### [What the task requires]
In the data below, set down exactly the lines from the one containing "昨日に続いて6年生は明日が校" up to and including the one containing "Зокрема, у Житомирській". Leave the pictures out.

### [Information]
..........
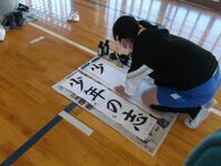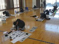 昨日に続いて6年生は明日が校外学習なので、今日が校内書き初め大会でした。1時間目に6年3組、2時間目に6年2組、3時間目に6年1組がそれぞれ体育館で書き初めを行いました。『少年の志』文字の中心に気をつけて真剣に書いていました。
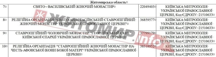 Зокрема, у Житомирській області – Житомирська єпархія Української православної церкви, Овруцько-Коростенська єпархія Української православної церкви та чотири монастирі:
..........
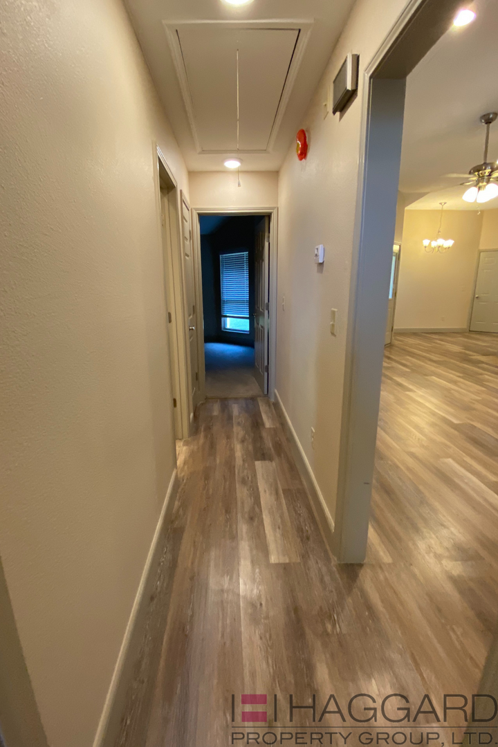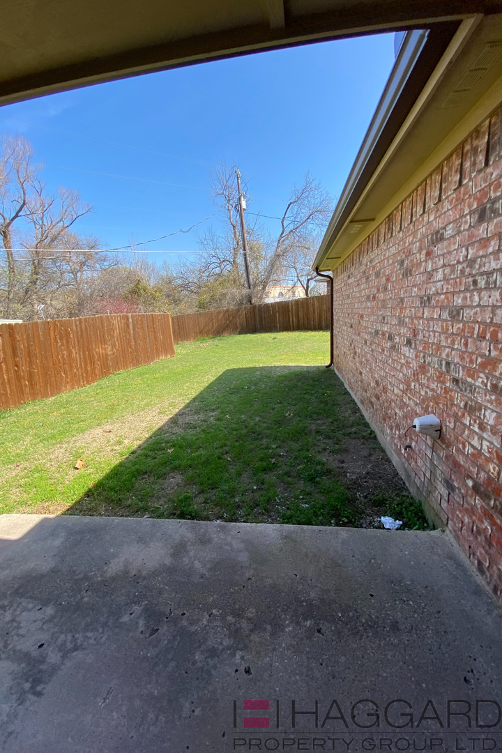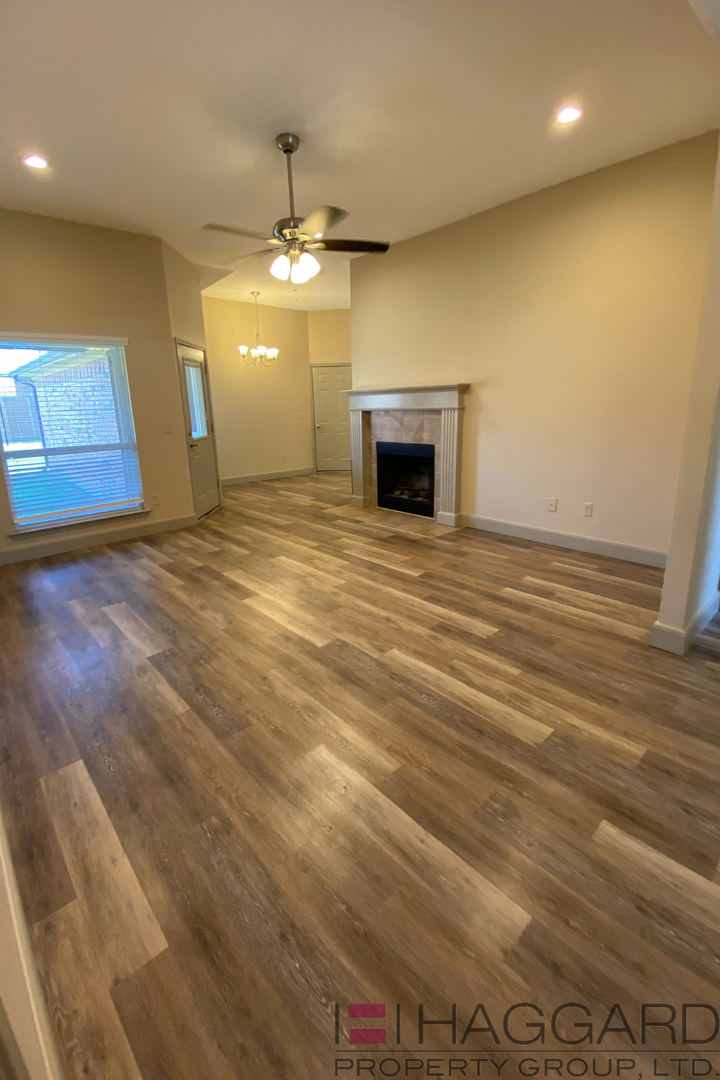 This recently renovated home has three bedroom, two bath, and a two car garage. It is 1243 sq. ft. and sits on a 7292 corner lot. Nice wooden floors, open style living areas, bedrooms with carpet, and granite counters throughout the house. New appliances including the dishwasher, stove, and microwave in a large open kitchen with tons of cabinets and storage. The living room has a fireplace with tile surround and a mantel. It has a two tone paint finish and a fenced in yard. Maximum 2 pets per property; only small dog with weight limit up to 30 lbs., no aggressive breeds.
..........
### [Finished exercise]
 昨日に続いて6年生は明日が校外学習なので、今日が校内書き初め大会でした。1時間目に6年3組、2時間目に6年2組、3時間目に6年1組がそれぞれ体育館で書き初めを行いました。『少年の志』文字の中心に気をつけて真剣に書いていました。
 Зокрема, у Житомирській області – Житомирська єпархія Української православної церкви, Овруцько-Коростенська єпархія Української православної церкви та чотири монастирі:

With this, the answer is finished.